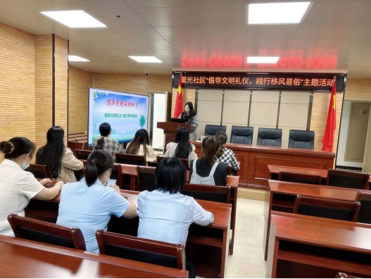 为提高星光社区辖区居民的文明素养,弘扬科学精神,引导居民群众破陈规、除陋习、传文明、树新风,9月22日下午,星光社区新时代文明实践站开展了以“倡导文明礼仪,践行移风易俗”为主题的移风易俗宣传活动。
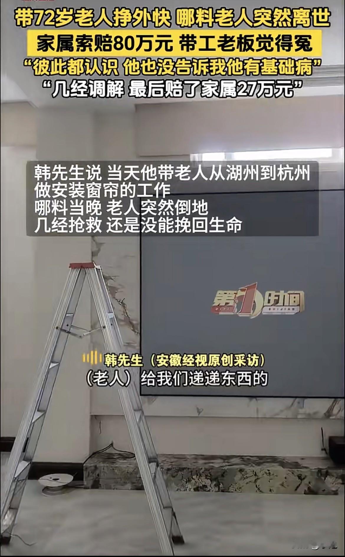 倒大霉了!72岁老人跟着老板“挣外快”猝死,家属索赔80万。 陈伯是杭州一栋写字楼的看门人,72岁,话不多,见人总是点点头。韩老板的公司就在楼上,日子久了,两人熟络起来。韩老板时不时有些零活,给人装窗帘、搬点小东西,就会叫上陈伯搭把手。递个螺丝刀,扶一下梯子,一天忙完,韩老板会塞给他一两百块钱。这对陈伯来说,是一份不错的额外收入。两人从没签过任何东西,全凭口头一句话。 那天下午,韩老板要去杭州给一户新房子装窗帘。他照例敲了敲窗:“陈伯,下午有个活,去吗?”陈伯从门卫室探出身,点点头,换了件干净些的外套就上了韩老板的车。路上,韩老板说起这户人家窗户多,活有点赶。陈伯靠在座椅上,回了句:“没事,慢慢做。” 到了地方,两人开始干活。韩老板在梯子上安装轨道,陈伯在下面把窗帘一片片递上去,再把地上的包装纸收拾整齐。房子里还空荡荡的,说话都有回音。期间,陈伯擦了几次汗,动作比往常慢了些,韩老板在上面问:“累了吧?歇会儿。”陈伯摆摆手:“不累,就是有点闷。” 谁都没想到,这句“有点闷”是不太对劲的开始。就在活计快要收尾,陈伯弯腰去卷最后一大块塑料包装膜时,他忽然踉跄了一下,然后整个人直接栽倒在那堆柔软的窗帘布上,没发出什么声响。 韩老板一开始还以为他被绊倒了,喊了一声没反应,才觉得不对。他爬下梯子,看到陈伯脸色发灰,怎么叫都没动静。韩老板脑子“嗡”的一声,手忙脚乱地打电话叫急救,声音都是飘的。在等救护车来的那段时间里,他蹲在旁边,不知所措。救护车的声音由远及近,格外刺耳。 医院最终没能留住陈伯。医生的说法是,突发疾病,可能与劳累有关。这个消息,像一块冰冷的石头,砸碎了两个家庭的平静。 陈伯的老伴听到消息,当时就站不住了,被亲戚扶着,眼泪都流不出来。儿子从外地赶回来,眼睛赤红,见到韩老板的第一句话就是:“我爸身体一向好好的,怎么跟你出去干个活,人就没了?!”好好的。这个词,后来成了双方争执的一个关键。陈伯的家人坚持认为,老人身体硬朗,没事。 韩老板则被一种巨大的冤屈和慌乱淹没了。他对着陈伯的家人,也对着后来来调解的人反复解释:“我真的不知道他身体有什么问题啊!他就帮我递递东西,这活能有多累?我就是好心,想让他赚点零花钱……”他觉得,这顶多算是熟人之间的帮忙,自己怎么就成了要对一条人命负全责的人? 悲伤和委屈无法对话。陈伯家人提出了80万元的赔偿,这是一个包含了愤怒、痛苦和对未来无着落的数字。对韩老板来说,这无疑是个天文数字,他觉得自己承受不起,也不该这样承受。 于是,双方坐在了调解室里。气氛冰冷僵硬。陈伯家人讲述老人的勤劳、本分,讲述家庭的崩塌。韩老板讲述自己的无心之失、经济压力和满腹委屈。80万这个数字悬在中间,谁也够不着谁。 调解不是一次就成的。每次协商,对双方都是一次煎熬。赔偿的数额从80万开始往下松动,但每降一点,都伴随着艰难的拉锯和眼泪。韩老板在这个过程中,也许才慢慢体会到,他眼里“递东西的轻活”,对一个72岁的老人而言,可能意味着什么。而陈伯的家人,可能也逐渐看清了眼前这个同样被这件事压得喘不过气的男人,并非恶徒。 最终,达成了一个双方都能勉强接受的数字:27万元。韩老板同意了,他说:“这个事情因我而起,我认。” 陈伯家人也签了字。27万,买不回一条命,也填不满失去亲人的缺口,它只是一个让这件事在法律和世俗层面能够翻篇的、沉重的数字。 事情了结后,写字楼下的门卫室很快来了新的看门人。韩老板的公司照常运营,只是他进出大门时,总会不自觉地加快脚步。那27万,结清了一笔账,但有些画面,比如陈伯最后倒在窗帘布上的样子,大概会留在他心里很久。 大家怎么看这件事?你觉得这个结果,对谁更公平一些?
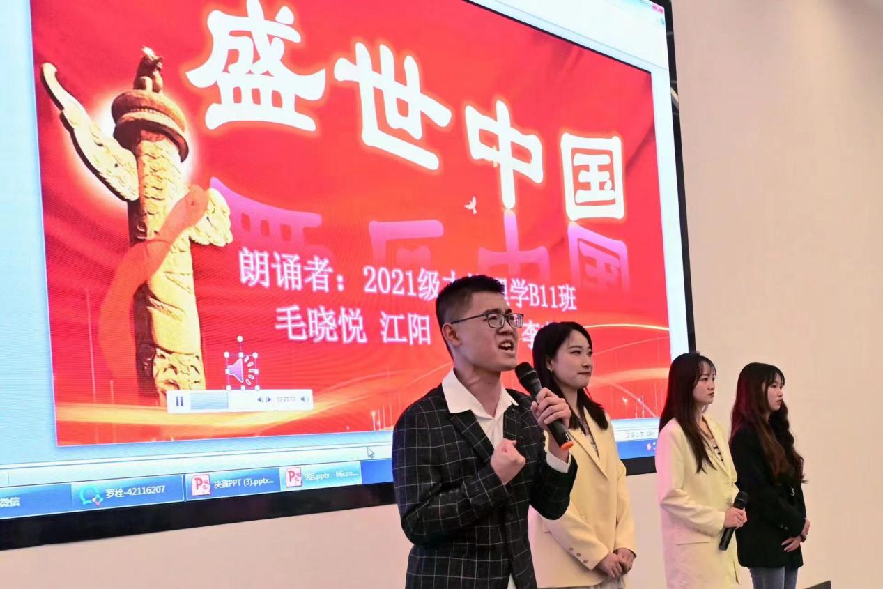 初赛阶段,学院全体学生踊跃报名,在线上积极提交参赛视频。经过初筛,共有13个队伍进入决赛。决赛现场气氛热烈,各参赛选手慷慨激昂,用真挚且饱含深情的朗诵诠释着诗歌中的字句,把对祖国的情感表达得淋漓尽致。各选手的精彩表现引得现场阵阵掌声,一次次将比赛氛围推向高潮。
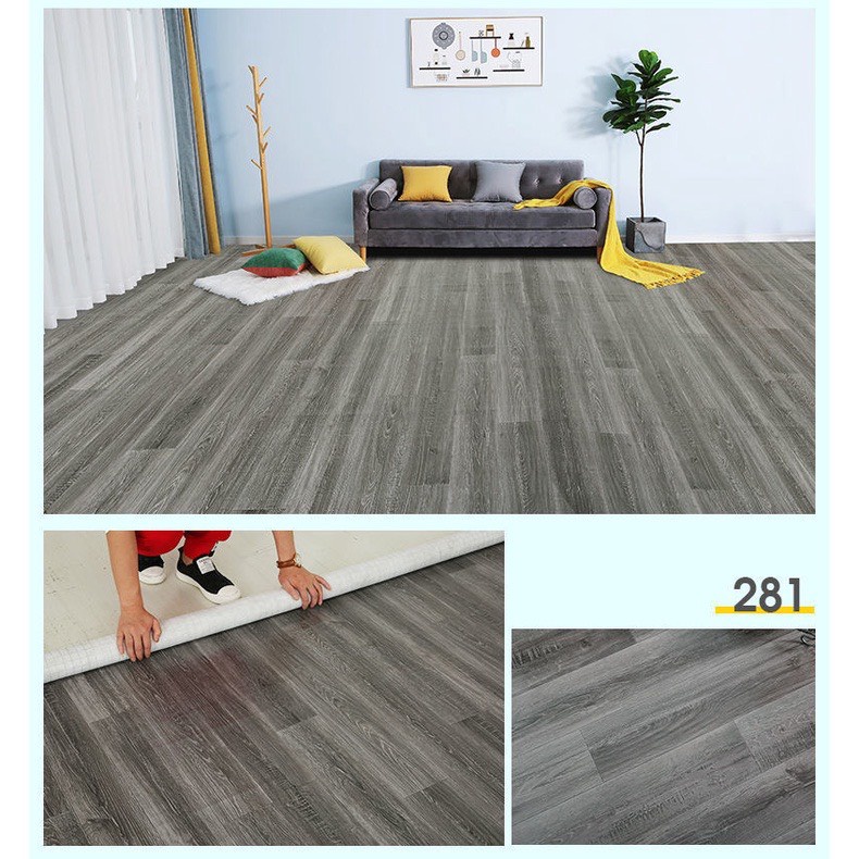 Simili trải sàn vân gỗ màu xám chất liệu dày đẹp, dai và rất bền, có thể trải sàn nhà và lót mặt bàn tủ đều được. Simili trải sàn vân gỗ không gây ẩm mốc, không mối mọt, có thể xịt nước chùi rửa bằng xà bông thoải mái. Lót gác gỗ hay nền gạch, xi măng đều được ạ.muốn cố định tấm simili ta chỉ cần quét lớp keo sữa phía dưới và trải lên. Hoặc không dùng keo thì đóng đinh cũng được.
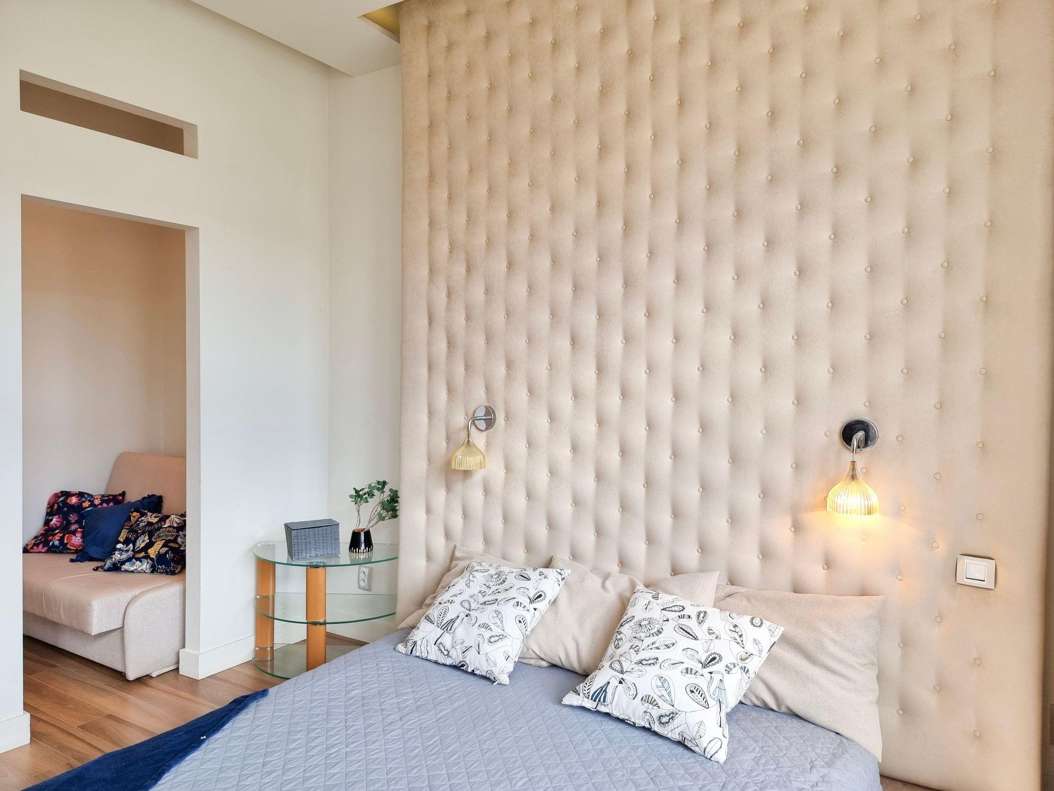 Alle Zimmer in der Ferienwohnung sind offen gestaltet. Ein großes Schlafzimmer mit zwei 140x220cm Matratzen (es gibt keine typischen Betten in der Wohnung), ein Alkoven mit einem 1-Personen-Schlafsofa und ein Kleiderschrank.
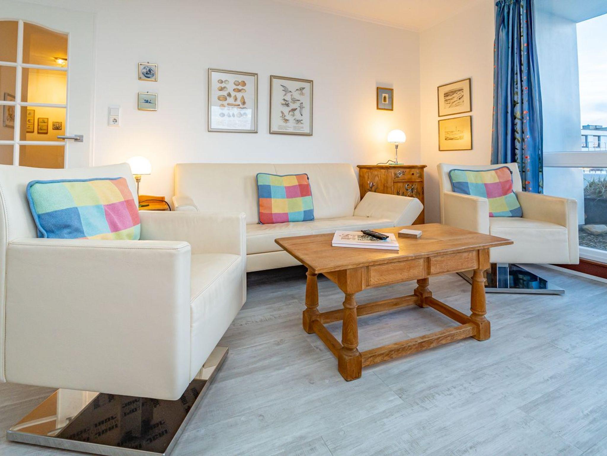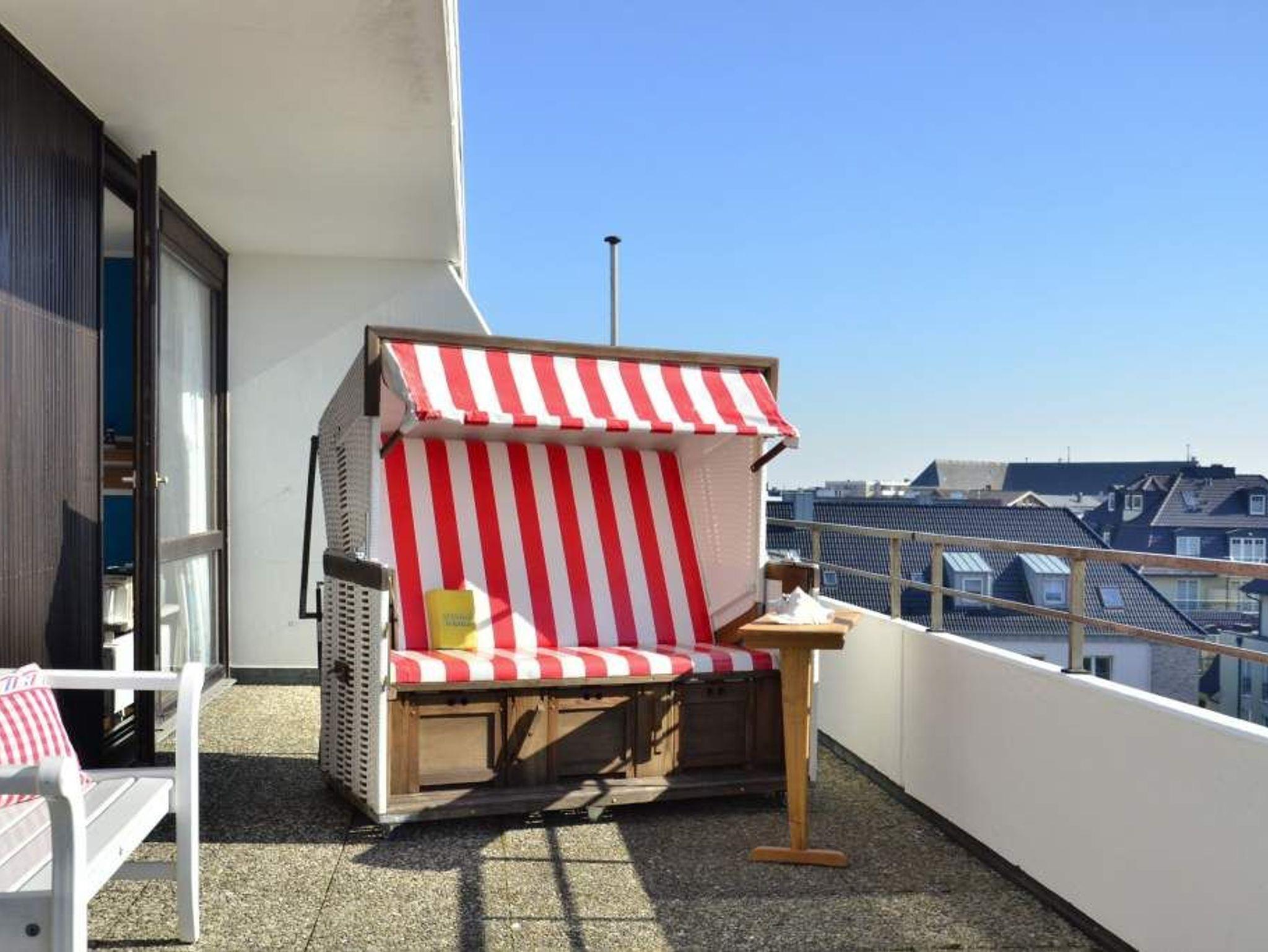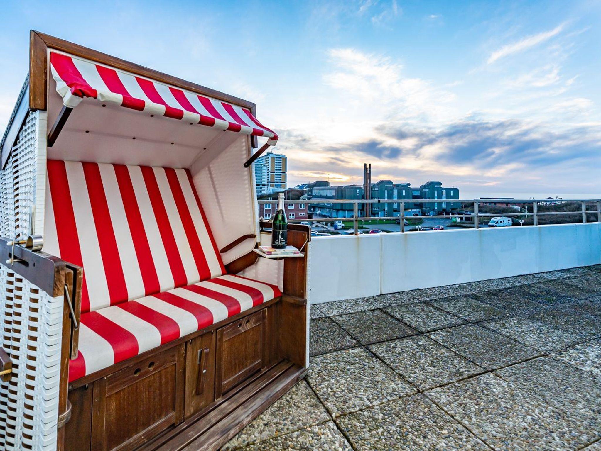 Es besteht aus 3 Zimmern für max. 3-4 Personen und hat eine Wohnfläche von ca. 75 m² im Staffelgeschoss des Hauses (wie 4. Etage). Die großzügige, umlaufende Dachterrasse mit Strandkorb (für 2 Personen) und Terrassenmöbeln bietet nahezu aus jeder Perspektive einen herrlichen Blick auf die Nordsee und die Dünen.
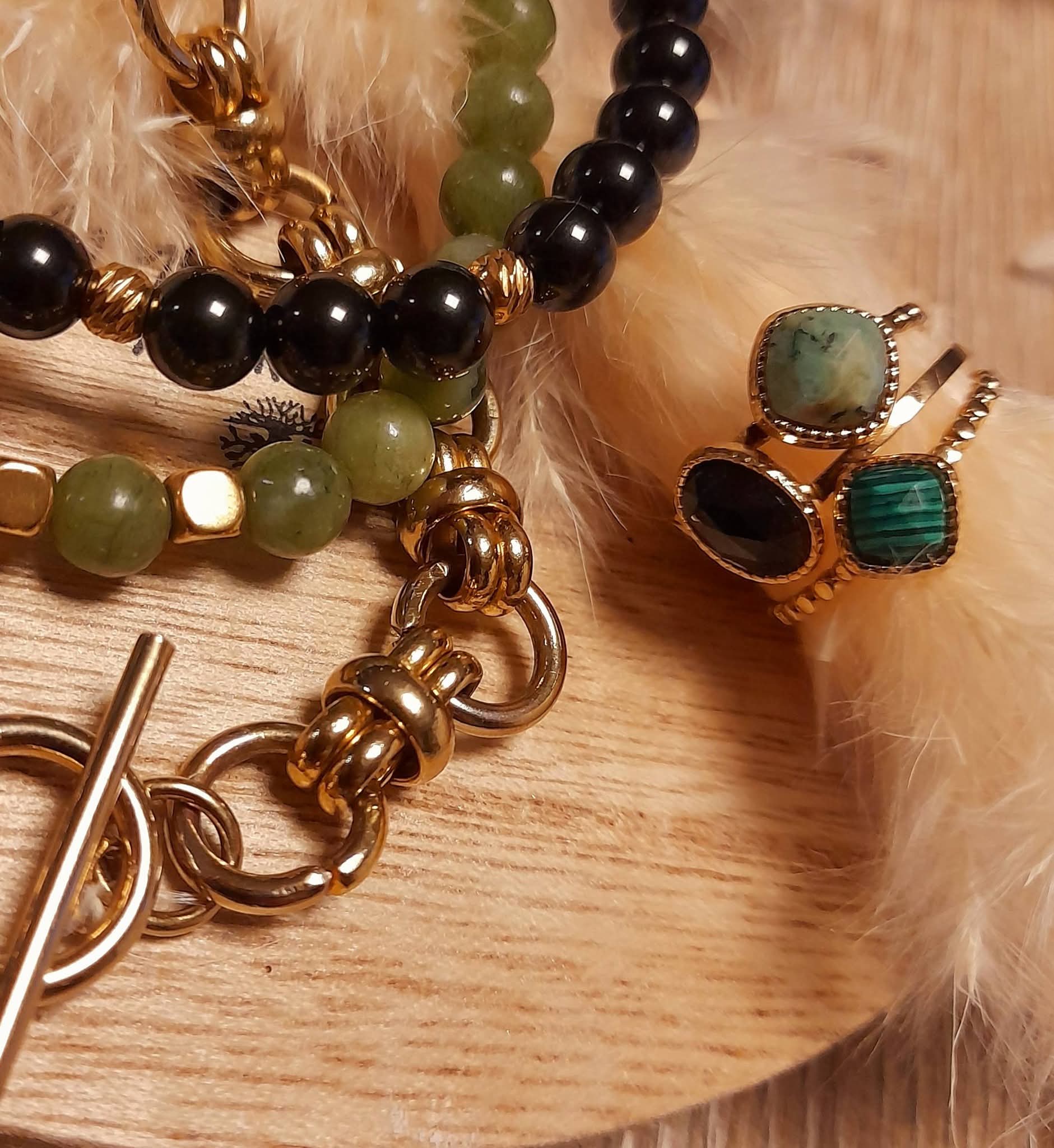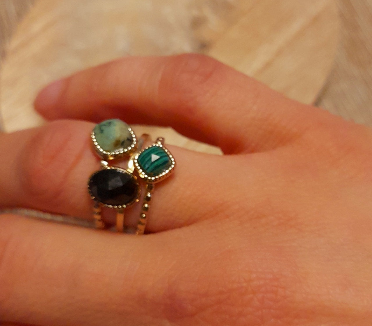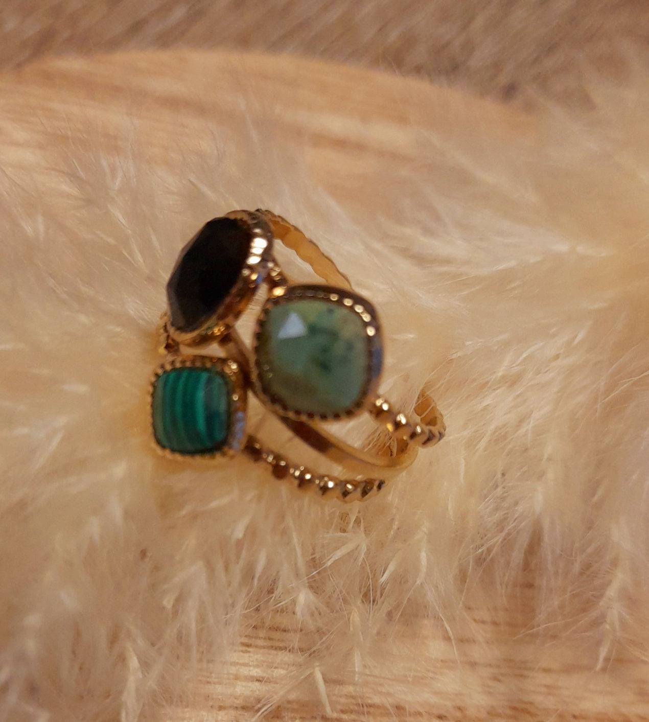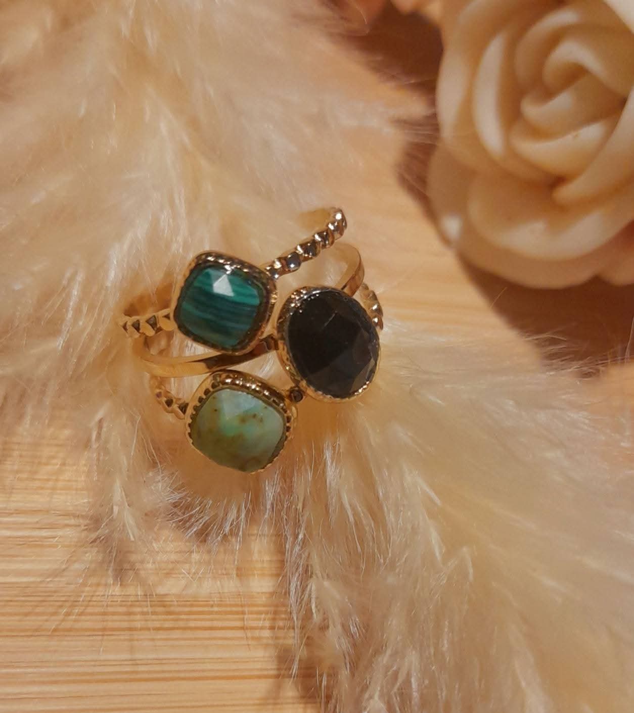 Élégante et originale, la bague Karys allie la modernité de l’acier inoxydable à la beauté naturelle des pierres Onyx, Turquoise Africaine et Malachite.

______________________________

(Task to complete): Output an exact copy of the material, with the pictures removed.

(Answer box):
 为提高星光社区辖区居民的文明素养,弘扬科学精神,引导居民群众破陈规、除陋习、传文明、树新风,9月22日下午,星光社区新时代文明实践站开展了以“倡导文明礼仪,践行移风易俗”为主题的移风易俗宣传活动。
 倒大霉了!72岁老人跟着老板“挣外快”猝死,家属索赔80万。 陈伯是杭州一栋写字楼的看门人,72岁,话不多,见人总是点点头。韩老板的公司就在楼上,日子久了,两人熟络起来。韩老板时不时有些零活,给人装窗帘、搬点小东西,就会叫上陈伯搭把手。递个螺丝刀,扶一下梯子,一天忙完,韩老板会塞给他一两百块钱。这对陈伯来说,是一份不错的额外收入。两人从没签过任何东西,全凭口头一句话。 那天下午,韩老板要去杭州给一户新房子装窗帘。他照例敲了敲窗:“陈伯,下午有个活,去吗?”陈伯从门卫室探出身,点点头,换了件干净些的外套就上了韩老板的车。路上,韩老板说起这户人家窗户多,活有点赶。陈伯靠在座椅上,回了句:“没事,慢慢做。” 到了地方,两人开始干活。韩老板在梯子上安装轨道,陈伯在下面把窗帘一片片递上去,再把地上的包装纸收拾整齐。房子里还空荡荡的,说话都有回音。期间,陈伯擦了几次汗,动作比往常慢了些,韩老板在上面问:“累了吧?歇会儿。”陈伯摆摆手:“不累,就是有点闷。” 谁都没想到,这句“有点闷”是不太对劲的开始。就在活计快要收尾,陈伯弯腰去卷最后一大块塑料包装膜时,他忽然踉跄了一下,然后整个人直接栽倒在那堆柔软的窗帘布上,没发出什么声响。 韩老板一开始还以为他被绊倒了,喊了一声没反应,才觉得不对。他爬下梯子,看到陈伯脸色发灰,怎么叫都没动静。韩老板脑子“嗡”的一声,手忙脚乱地打电话叫急救,声音都是飘的。在等救护车来的那段时间里,他蹲在旁边,不知所措。救护车的声音由远及近,格外刺耳。 医院最终没能留住陈伯。医生的说法是,突发疾病,可能与劳累有关。这个消息,像一块冰冷的石头,砸碎了两个家庭的平静。 陈伯的老伴听到消息,当时就站不住了,被亲戚扶着,眼泪都流不出来。儿子从外地赶回来,眼睛赤红,见到韩老板的第一句话就是:“我爸身体一向好好的,怎么跟你出去干个活,人就没了?!”好好的。这个词,后来成了双方争执的一个关键。陈伯的家人坚持认为,老人身体硬朗,没事。 韩老板则被一种巨大的冤屈和慌乱淹没了。他对着陈伯的家人,也对着后来来调解的人反复解释:“我真的不知道他身体有什么问题啊!他就帮我递递东西,这活能有多累?我就是好心,想让他赚点零花钱……”他觉得,这顶多算是熟人之间的帮忙,自己怎么就成了要对一条人命负全责的人? 悲伤和委屈无法对话。陈伯家人提出了80万元的赔偿,这是一个包含了愤怒、痛苦和对未来无着落的数字。对韩老板来说,这无疑是个天文数字,他觉得自己承受不起,也不该这样承受。 于是,双方坐在了调解室里。气氛冰冷僵硬。陈伯家人讲述老人的勤劳、本分,讲述家庭的崩塌。韩老板讲述自己的无心之失、经济压力和满腹委屈。80万这个数字悬在中间,谁也够不着谁。 调解不是一次就成的。每次协商,对双方都是一次煎熬。赔偿的数额从80万开始往下松动,但每降一点,都伴随着艰难的拉锯和眼泪。韩老板在这个过程中,也许才慢慢体会到,他眼里“递东西的轻活”,对一个72岁的老人而言,可能意味着什么。而陈伯的家人,可能也逐渐看清了眼前这个同样被这件事压得喘不过气的男人,并非恶徒。 最终,达成了一个双方都能勉强接受的数字:27万元。韩老板同意了,他说:“这个事情因我而起,我认。” 陈伯家人也签了字。27万,买不回一条命,也填不满失去亲人的缺口,它只是一个让这件事在法律和世俗层面能够翻篇的、沉重的数字。 事情了结后,写字楼下的门卫室很快来了新的看门人。韩老板的公司照常运营,只是他进出大门时,总会不自觉地加快脚步。那27万,结清了一笔账,但有些画面,比如陈伯最后倒在窗帘布上的样子,大概会留在他心里很久。 大家怎么看这件事?你觉得这个结果,对谁更公平一些?
 初赛阶段,学院全体学生踊跃报名,在线上积极提交参赛视频。经过初筛,共有13个队伍进入决赛。决赛现场气氛热烈,各参赛选手慷慨激昂,用真挚且饱含深情的朗诵诠释着诗歌中的字句,把对祖国的情感表达得淋漓尽致。各选手的精彩表现引得现场阵阵掌声,一次次将比赛氛围推向高潮。
 Simili trải sàn vân gỗ màu xám chất liệu dày đẹp, dai và rất bền, có thể trải sàn nhà và lót mặt bàn tủ đều được. Simili trải sàn vân gỗ không gây ẩm mốc, không mối mọt, có thể xịt nước chùi rửa bằng xà bông thoải mái. Lót gác gỗ hay nền gạch, xi măng đều được ạ.muốn cố định tấm simili ta chỉ cần quét lớp keo sữa phía dưới và trải lên. Hoặc không dùng keo thì đóng đinh cũng được.
 Alle Zimmer in der Ferienwohnung sind offen gestaltet. Ein großes Schlafzimmer mit zwei 140x220cm Matratzen (es gibt keine typischen Betten in der Wohnung), ein Alkoven mit einem 1-Personen-Schlafsofa und ein Kleiderschrank.
 Es besteht aus 3 Zimmern für max. 3-4 Personen und hat eine Wohnfläche von ca. 75 m² im Staffelgeschoss des Hauses (wie 4. Etage). Die großzügige, umlaufende Dachterrasse mit Strandkorb (für 2 Personen) und Terrassenmöbeln bietet nahezu aus jeder Perspektive einen herrlichen Blick auf die Nordsee und die Dünen.
 Élégante et originale, la bague Karys allie la modernité de l’acier inoxydable à la beauté naturelle des pierres Onyx, Turquoise Africaine et Malachite.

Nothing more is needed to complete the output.